[Problem details]
Look below for the line that contains "Komplet 6 szt" and the line that contains "Emg buttoned denim", then restate both of them and every line in between, exactly. No picture goes in the copy.

[Data]
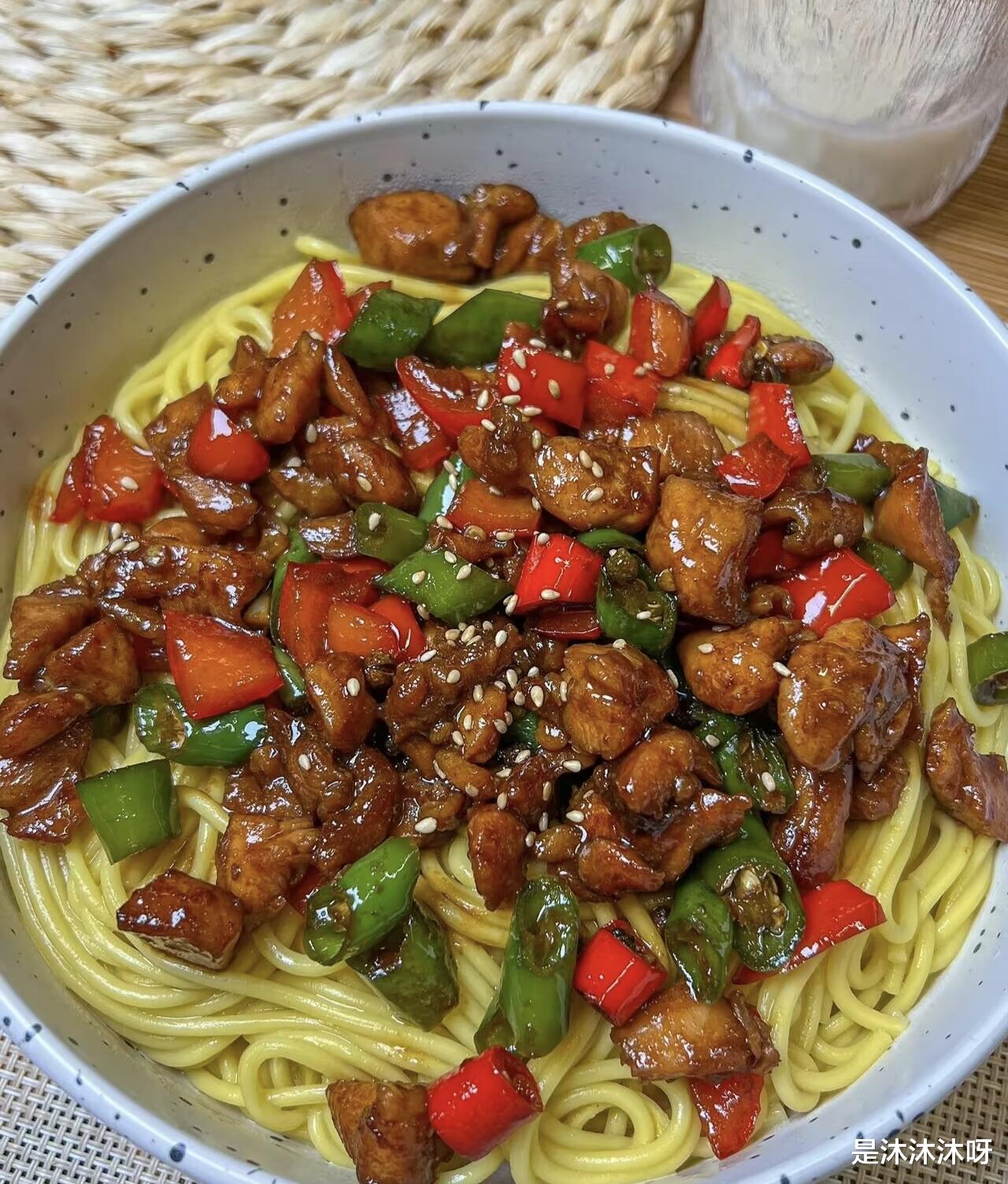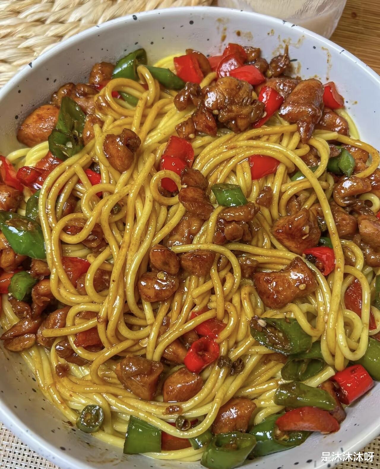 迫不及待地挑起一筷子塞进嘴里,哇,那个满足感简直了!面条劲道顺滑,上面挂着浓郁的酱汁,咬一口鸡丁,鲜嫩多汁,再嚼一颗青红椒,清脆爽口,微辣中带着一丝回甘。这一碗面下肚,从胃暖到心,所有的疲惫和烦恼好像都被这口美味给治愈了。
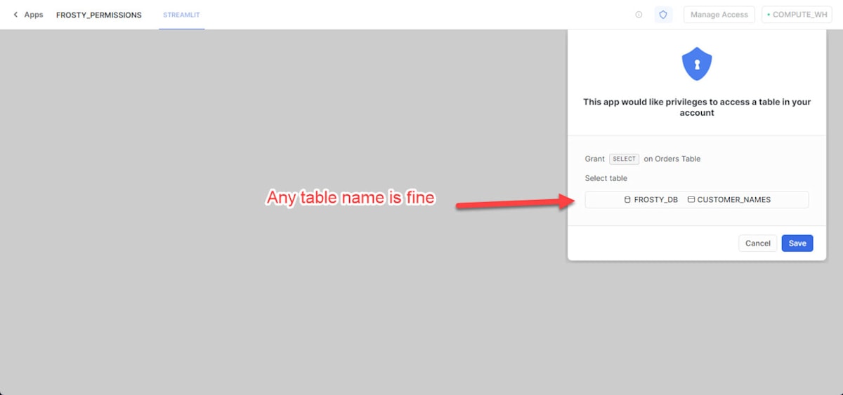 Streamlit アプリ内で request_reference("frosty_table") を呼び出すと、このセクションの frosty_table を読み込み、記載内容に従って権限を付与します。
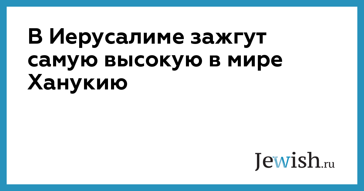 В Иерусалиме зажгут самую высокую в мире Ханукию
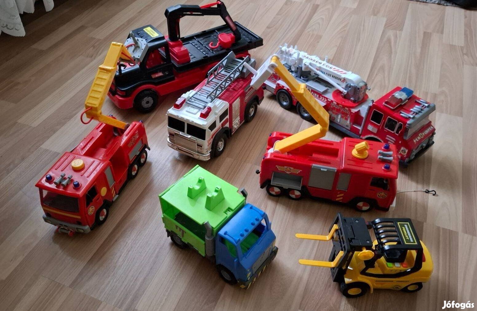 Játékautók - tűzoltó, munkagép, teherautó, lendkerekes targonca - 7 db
...
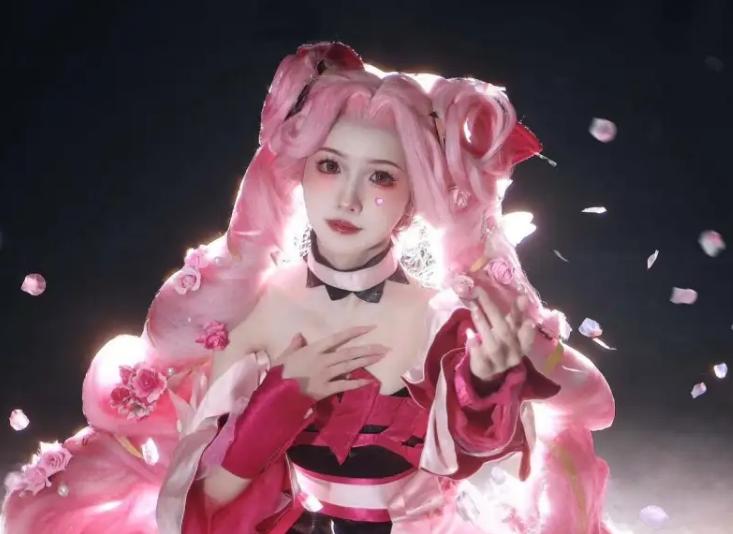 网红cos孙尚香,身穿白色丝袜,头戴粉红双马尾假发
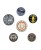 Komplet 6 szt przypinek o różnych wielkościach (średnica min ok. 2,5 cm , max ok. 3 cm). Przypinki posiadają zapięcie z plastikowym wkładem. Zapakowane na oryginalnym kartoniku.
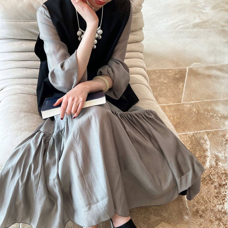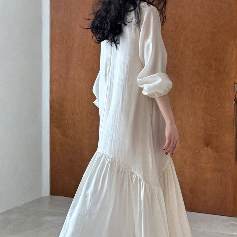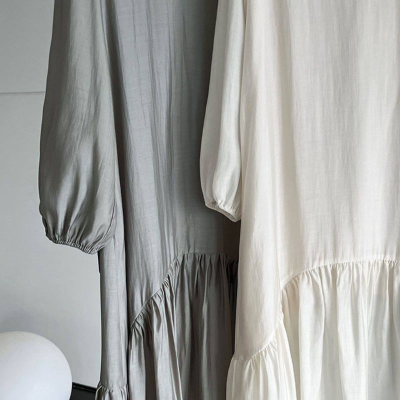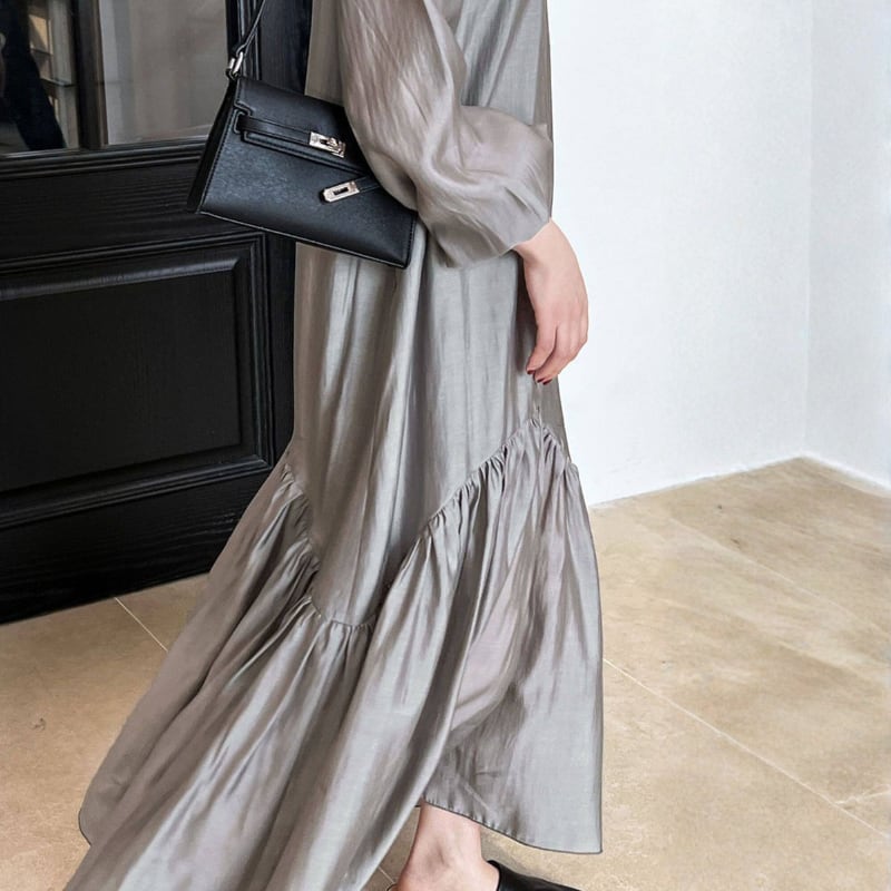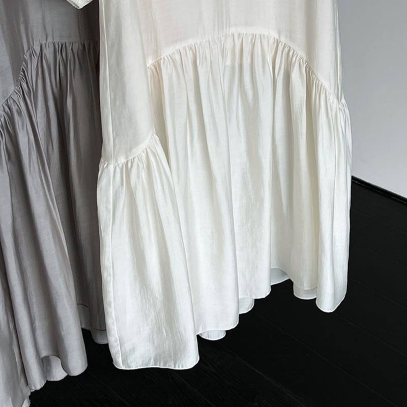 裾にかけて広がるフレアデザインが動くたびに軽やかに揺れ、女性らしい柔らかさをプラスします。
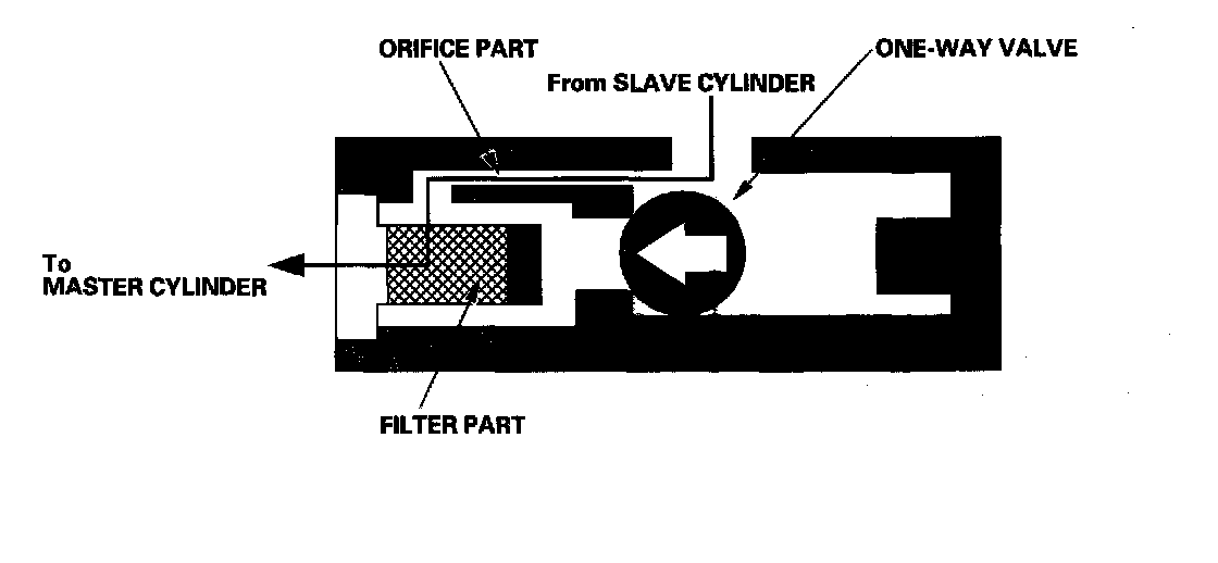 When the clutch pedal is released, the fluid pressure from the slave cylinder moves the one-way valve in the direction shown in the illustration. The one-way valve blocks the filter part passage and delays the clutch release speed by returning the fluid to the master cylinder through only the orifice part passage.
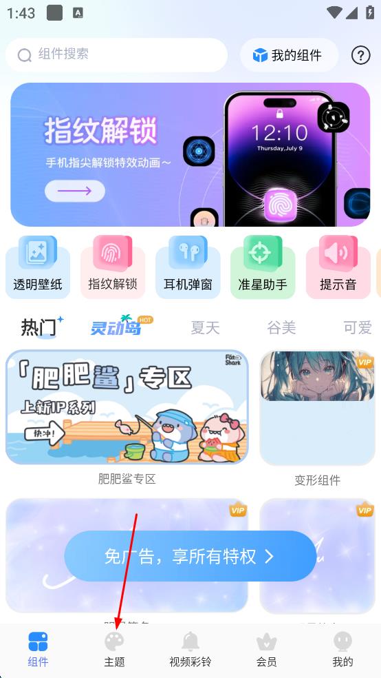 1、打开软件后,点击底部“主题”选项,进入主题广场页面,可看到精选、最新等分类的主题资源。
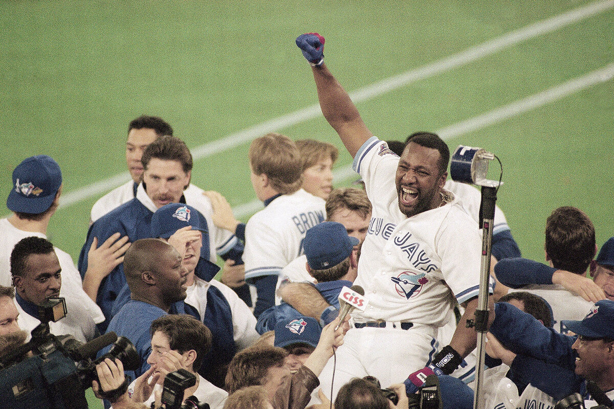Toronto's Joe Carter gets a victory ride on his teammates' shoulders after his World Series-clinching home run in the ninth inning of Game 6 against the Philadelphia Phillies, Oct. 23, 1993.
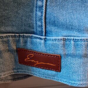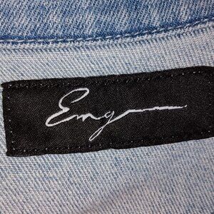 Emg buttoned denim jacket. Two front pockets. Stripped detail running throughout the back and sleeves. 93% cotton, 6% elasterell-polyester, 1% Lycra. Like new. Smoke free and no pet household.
---
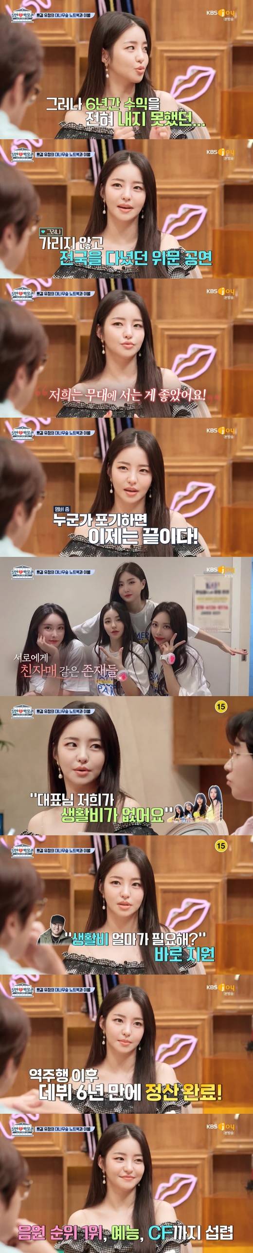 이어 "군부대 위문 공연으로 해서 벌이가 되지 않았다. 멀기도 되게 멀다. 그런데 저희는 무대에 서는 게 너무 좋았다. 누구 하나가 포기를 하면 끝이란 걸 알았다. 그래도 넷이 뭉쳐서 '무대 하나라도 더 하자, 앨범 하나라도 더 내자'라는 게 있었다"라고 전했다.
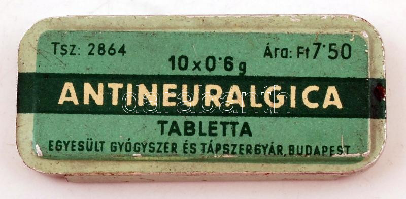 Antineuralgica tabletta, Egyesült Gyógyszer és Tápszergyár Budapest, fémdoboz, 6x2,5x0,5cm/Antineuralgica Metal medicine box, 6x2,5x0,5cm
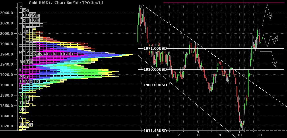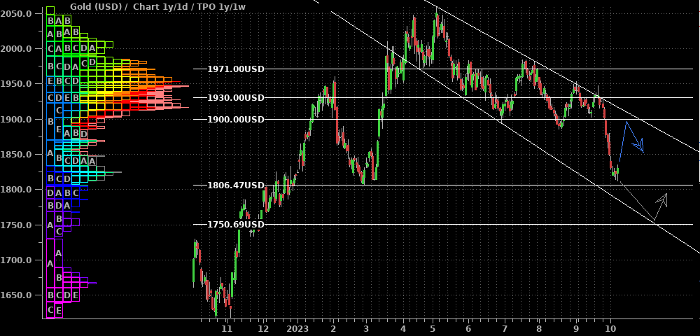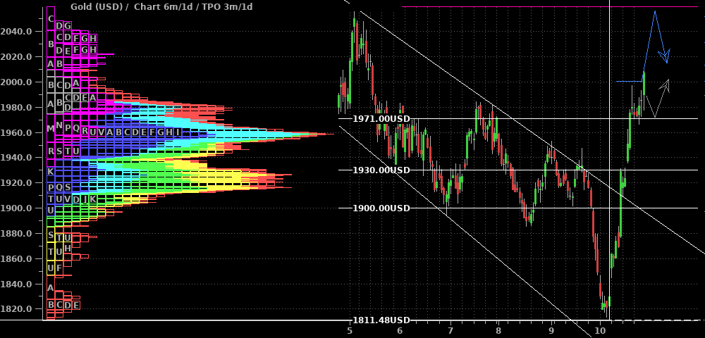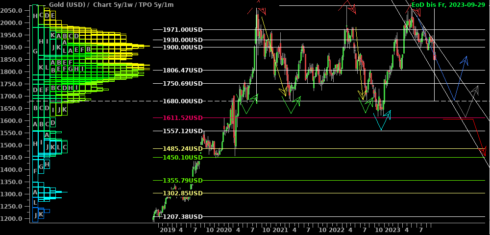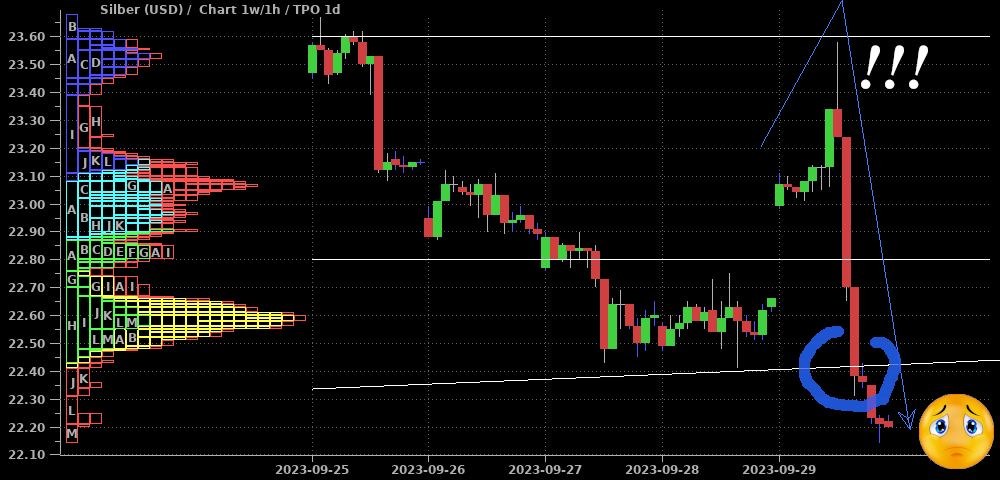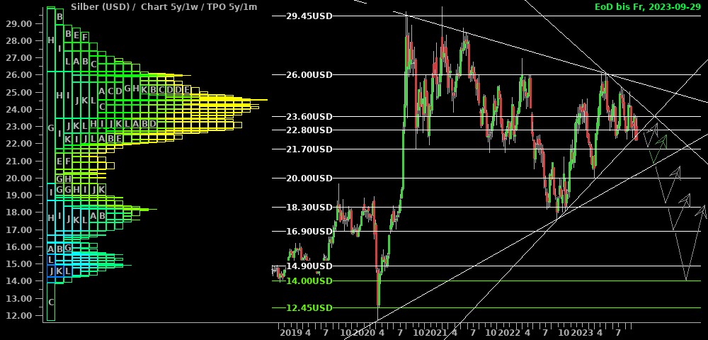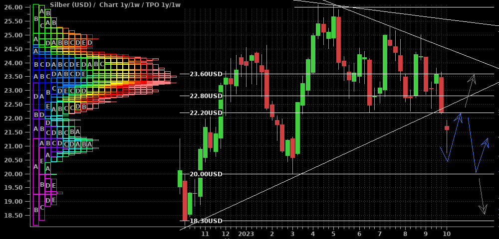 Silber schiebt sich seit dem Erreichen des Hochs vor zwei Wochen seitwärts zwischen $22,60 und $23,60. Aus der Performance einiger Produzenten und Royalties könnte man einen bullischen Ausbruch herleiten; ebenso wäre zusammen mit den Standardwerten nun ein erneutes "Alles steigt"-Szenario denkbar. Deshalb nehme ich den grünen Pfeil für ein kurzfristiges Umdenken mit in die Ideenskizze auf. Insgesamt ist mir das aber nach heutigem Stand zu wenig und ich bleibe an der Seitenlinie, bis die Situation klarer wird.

[Exercise result]
 Komplet 6 szt przypinek o różnych wielkościach (średnica min ok. 2,5 cm , max ok. 3 cm). Przypinki posiadają zapięcie z plastikowym wkładem. Zapakowane na oryginalnym kartoniku.
 裾にかけて広がるフレアデザインが動くたびに軽やかに揺れ、女性らしい柔らかさをプラスします。
 When the clutch pedal is released, the fluid pressure from the slave cylinder moves the one-way valve in the direction shown in the illustration. The one-way valve blocks the filter part passage and delays the clutch release speed by returning the fluid to the master cylinder through only the orifice part passage.
 1、打开软件后,点击底部“主题”选项,进入主题广场页面,可看到精选、最新等分类的主题资源。
Toronto's Joe Carter gets a victory ride on his teammates' shoulders after his World Series-clinching home run in the ninth inning of Game 6 against the Philadelphia Phillies, Oct. 23, 1993.
 Emg buttoned denim jacket. Two front pockets. Stripped detail running throughout the back and sleeves. 93% cotton, 6% elasterell-polyester, 1% Lycra. Like new. Smoke free and no pet household.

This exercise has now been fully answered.